# New 2007 Rsds, New To This Forum



## rdjones322 (May 14, 2008)

We finally got an Outback. We've been looking at them for a couple of years. We live in Texas and are planning a trip to Mt. Rushmore and Yellowstone this summer. Can hardly wait. Any advice would be appreciated. Also what mods do you suggest fot the 27RSDS?


----------



## skippershe (May 22, 2006)

Hi jones322









Welcome to Outbackers! 

Here's a link to a thread with a list of Outbackers that are headed for Yellowstone this summer Clicky Here

There are so many great mods out there, you just have a pick a few and get started. Warning, they are addicting!
Start with an electric tongue jack, a memory foam topper for the both mattresses, a pull down shade for the rear slide, the flip down drawer mod, the lcd tv mod...Oh! The possibilities are endless!

Have fun and Happy Camping,


----------



## 'Ohana (May 20, 2007)

Hi jones322 and Welcome to Outbackers

We are a 3 person family and are very happy with the 27RSDS and it's floor plan. The only issue we've had thus far was a small leak on one passthru door which was found after a heavy rain storm and was due to an oversize gap where the gasket comes together but has since been fixed. We like this TT and floor plan so well, that we have boasted it would be ok







if we never got rid of it.

As for mods the possibility's are many and will be contingent upon what makes you happy.







and so far ours have been
Installed Max Air covers over roof vents, Installed electric tong jack, Replaced shower curtain with pleated door
Installed Lcd Tv/Dvd combo wtih swingarm to cabinet over kitchen sink, Replaced the tent style stabilizer jacks with Bal scissor type
Replaced floor vents to ones which can be closed, Equipped both beds with memory foam toppers, Equipped both beds with Travasac bedding
Replaced bathroom door knob with a locking type, Installed 4" tubes in front pass thru to store rear support bars
Removed table from passthru and in it's place designed and built a sliding tray to store various cranks, handles, camp ax etc..
Installed a section of 3x4 downspout in pass thru to store wd bars when not being used , Replaced all interior bulbs to lower wattage type
Replaced blinds in front BR with quick shade, Installed light filtering covers over roof vents and door windows (hand made by the DW)

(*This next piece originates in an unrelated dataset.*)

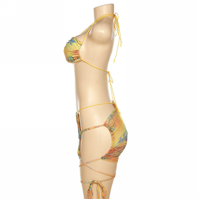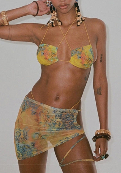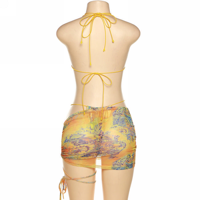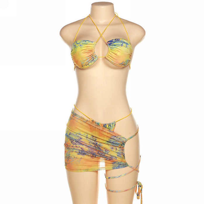 (Real Image)2022 Styles Women Fashion INS Styles PYellow Print 3 Piece SwimsuitSKU: #CF49825-1

Ok !! Now that you have some ideas let the mods begin









Ed


----------



## hpapa4 (Apr 11, 2007)

First let me congratulate you on the new Outback. Next let me say welcome to Outbackers.


----------



## Texas Friends (Feb 12, 2006)

Welcome to Outbackers!!!!
*Where abouts in Texas are you?* We are having an Outback rally over the 4th of July weekend in the Dallas Fort Worth area. (see rally thread on main page of web sitefor info)

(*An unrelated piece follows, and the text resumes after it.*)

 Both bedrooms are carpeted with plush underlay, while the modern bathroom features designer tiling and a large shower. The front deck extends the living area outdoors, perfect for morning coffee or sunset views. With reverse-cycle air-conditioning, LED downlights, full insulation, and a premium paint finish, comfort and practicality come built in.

If you are interested in Outback Mods thats a great way to get some ideas.... See 'em in person!
We have 11 Outbackers so far for this Rally. Its always a good time and great friends can be made...

Happy Camping
Bryan


----------



## Doxie-Doglover-Too (Jan 25, 2007)




----------



## Oregon_Camper (Sep 13, 2004)

Welcome...Welcome...Welcome.

Glad you found us.









Congrats on the new Outback. You're going to LOVE it.
















All mods are good mods. Click on the link in my sig file so see some the mods on my Outback.


----------



## Ridgway-Rangers (Apr 18, 2008)

First, I must say you have made a wise choice in floor plans. The 27 RSDS is, without a doubt, the best floor plan ever. Don't listen to those 25RSS'ers or 28'er either.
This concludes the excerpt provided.